### Task item
Everything below from the line with "Aqualisa Infinia Digital" through the line with "- Select Actions and then Copy Email." must be retyped exactly, except the pictures.

### Material for this exercise
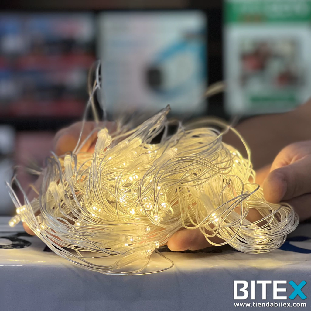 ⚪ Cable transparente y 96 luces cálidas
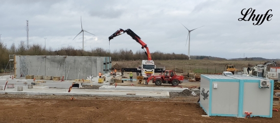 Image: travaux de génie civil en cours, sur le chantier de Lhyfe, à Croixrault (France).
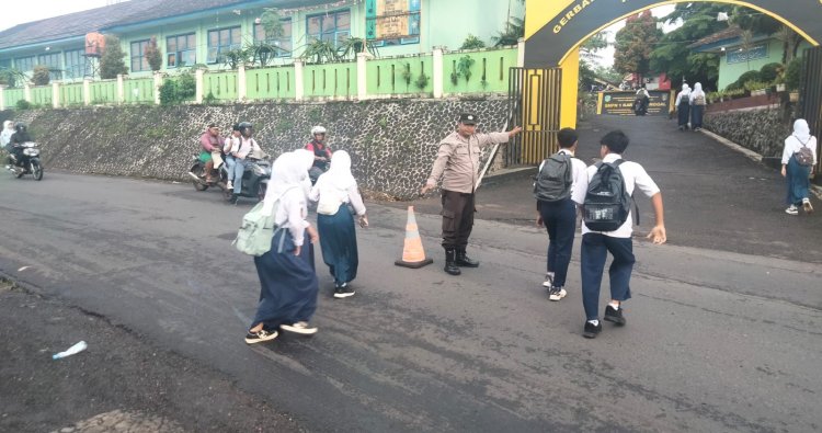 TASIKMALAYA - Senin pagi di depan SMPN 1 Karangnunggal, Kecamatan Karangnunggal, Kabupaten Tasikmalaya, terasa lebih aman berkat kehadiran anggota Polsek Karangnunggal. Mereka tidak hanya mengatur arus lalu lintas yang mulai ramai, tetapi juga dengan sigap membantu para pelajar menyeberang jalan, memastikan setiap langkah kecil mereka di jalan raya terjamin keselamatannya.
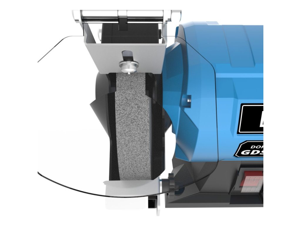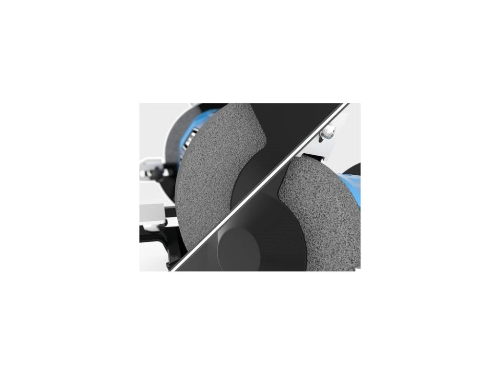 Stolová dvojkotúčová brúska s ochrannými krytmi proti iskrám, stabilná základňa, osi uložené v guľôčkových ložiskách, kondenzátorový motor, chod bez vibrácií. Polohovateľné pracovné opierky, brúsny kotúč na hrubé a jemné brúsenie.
...
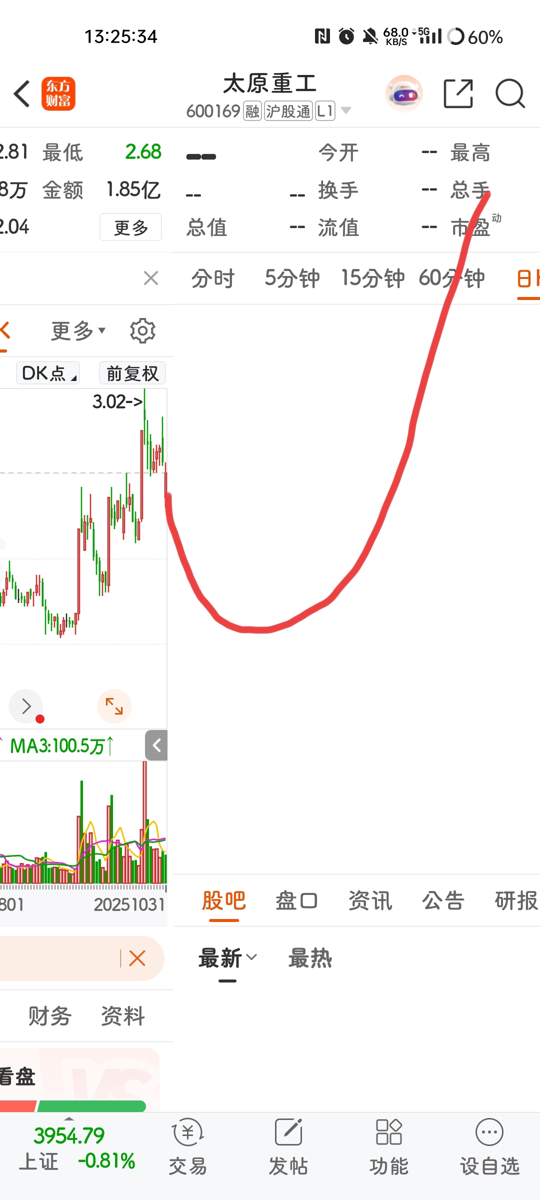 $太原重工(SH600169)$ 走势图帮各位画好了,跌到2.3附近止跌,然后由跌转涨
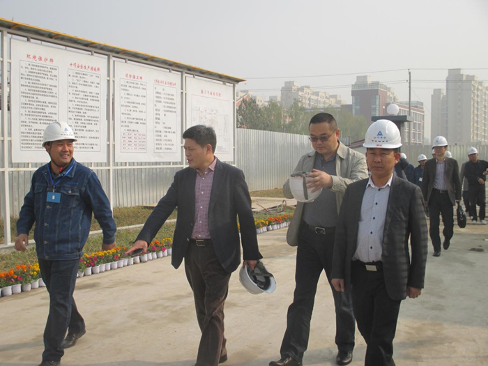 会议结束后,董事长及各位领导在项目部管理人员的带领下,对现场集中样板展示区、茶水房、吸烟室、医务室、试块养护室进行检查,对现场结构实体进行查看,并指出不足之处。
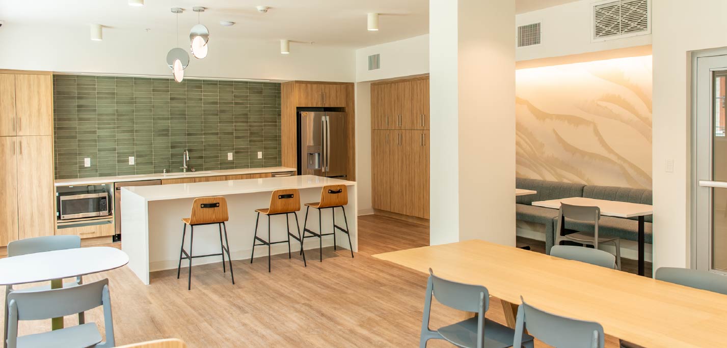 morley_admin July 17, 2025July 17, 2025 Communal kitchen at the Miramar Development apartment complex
--
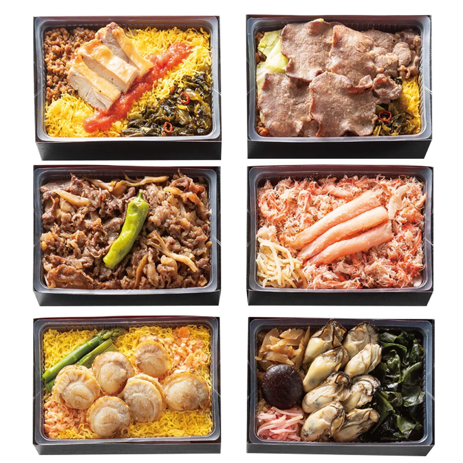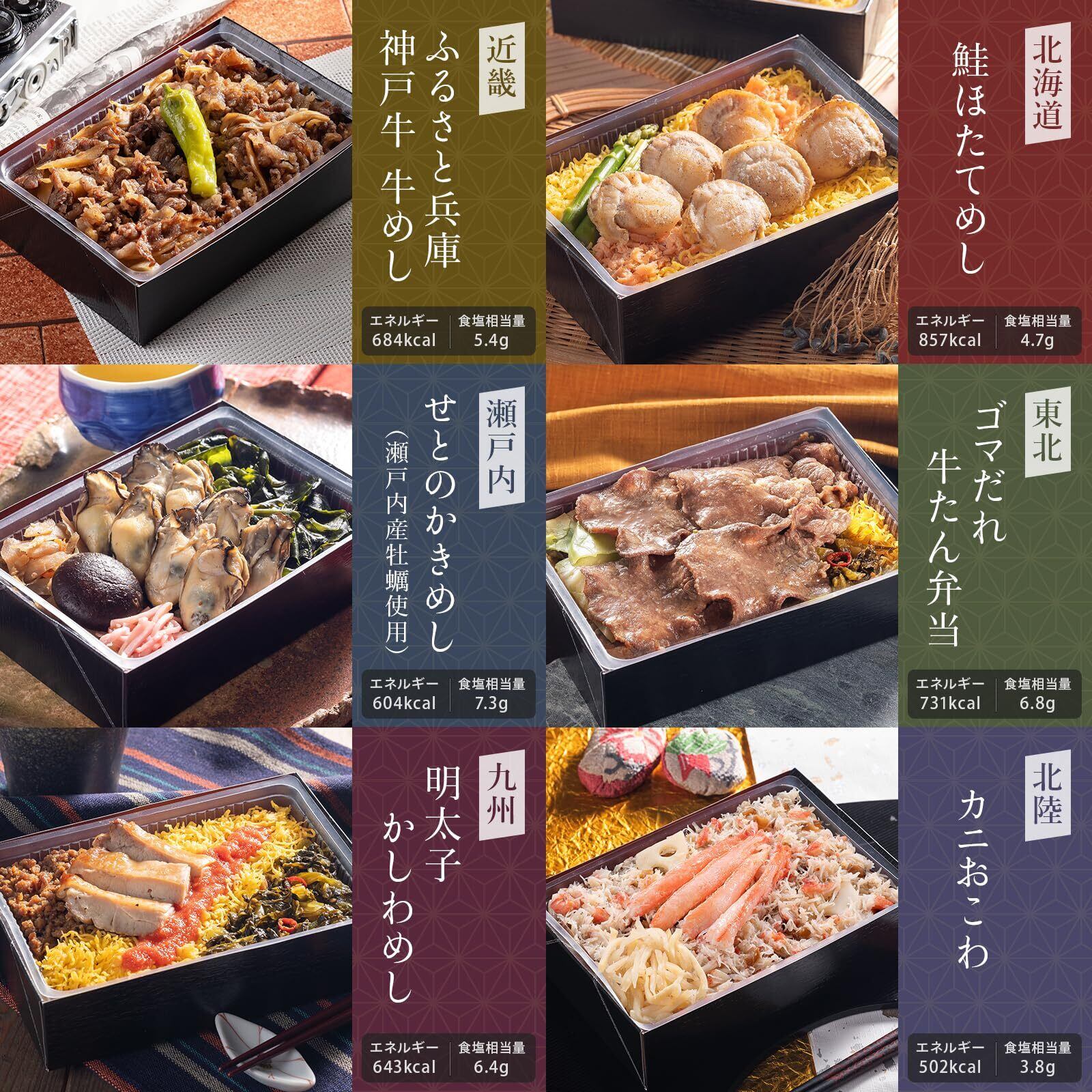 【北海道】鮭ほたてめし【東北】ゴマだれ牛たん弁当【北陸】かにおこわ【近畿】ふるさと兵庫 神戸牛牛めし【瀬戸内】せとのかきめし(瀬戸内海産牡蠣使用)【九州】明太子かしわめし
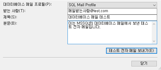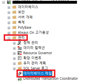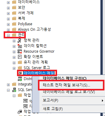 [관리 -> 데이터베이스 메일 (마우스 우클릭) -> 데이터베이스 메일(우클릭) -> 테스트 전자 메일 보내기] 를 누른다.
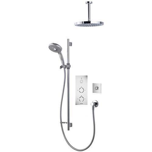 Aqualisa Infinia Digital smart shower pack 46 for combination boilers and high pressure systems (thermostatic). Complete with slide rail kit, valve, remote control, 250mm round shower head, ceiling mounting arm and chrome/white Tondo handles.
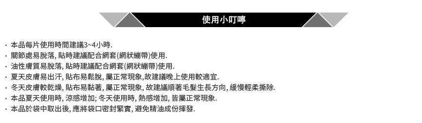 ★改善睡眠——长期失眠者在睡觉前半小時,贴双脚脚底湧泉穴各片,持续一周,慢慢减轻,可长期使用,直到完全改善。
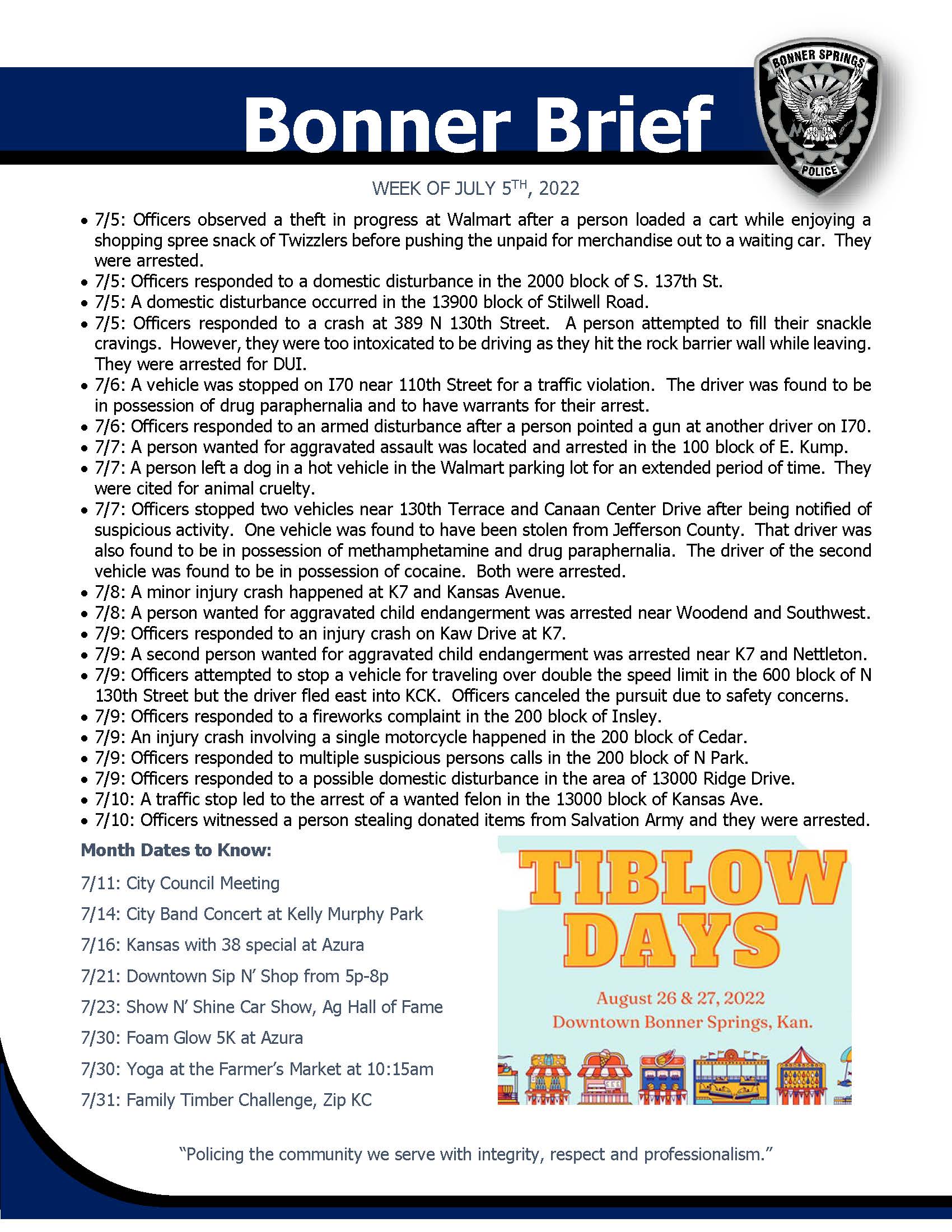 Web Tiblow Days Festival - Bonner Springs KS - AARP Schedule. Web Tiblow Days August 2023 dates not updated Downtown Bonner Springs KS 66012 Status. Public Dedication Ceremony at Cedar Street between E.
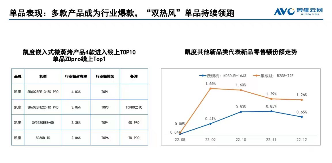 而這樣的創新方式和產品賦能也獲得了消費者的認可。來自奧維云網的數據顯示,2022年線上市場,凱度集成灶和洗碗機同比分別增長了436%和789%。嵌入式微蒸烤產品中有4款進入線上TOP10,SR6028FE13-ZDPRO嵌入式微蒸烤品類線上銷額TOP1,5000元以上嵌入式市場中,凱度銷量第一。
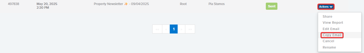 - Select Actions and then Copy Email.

### Task answer
 Aqualisa Infinia Digital smart shower pack 46 for combination boilers and high pressure systems (thermostatic). Complete with slide rail kit, valve, remote control, 250mm round shower head, ceiling mounting arm and chrome/white Tondo handles.
 ★改善睡眠——长期失眠者在睡觉前半小時,贴双脚脚底湧泉穴各片,持续一周,慢慢减轻,可长期使用,直到完全改善。
 Web Tiblow Days Festival - Bonner Springs KS - AARP Schedule. Web Tiblow Days August 2023 dates not updated Downtown Bonner Springs KS 66012 Status. Public Dedication Ceremony at Cedar Street between E.
 而這樣的創新方式和產品賦能也獲得了消費者的認可。來自奧維云網的數據顯示,2022年線上市場,凱度集成灶和洗碗機同比分別增長了436%和789%。嵌入式微蒸烤產品中有4款進入線上TOP10,SR6028FE13-ZDPRO嵌入式微蒸烤品類線上銷額TOP1,5000元以上嵌入式市場中,凱度銷量第一。
 - Select Actions and then Copy Email.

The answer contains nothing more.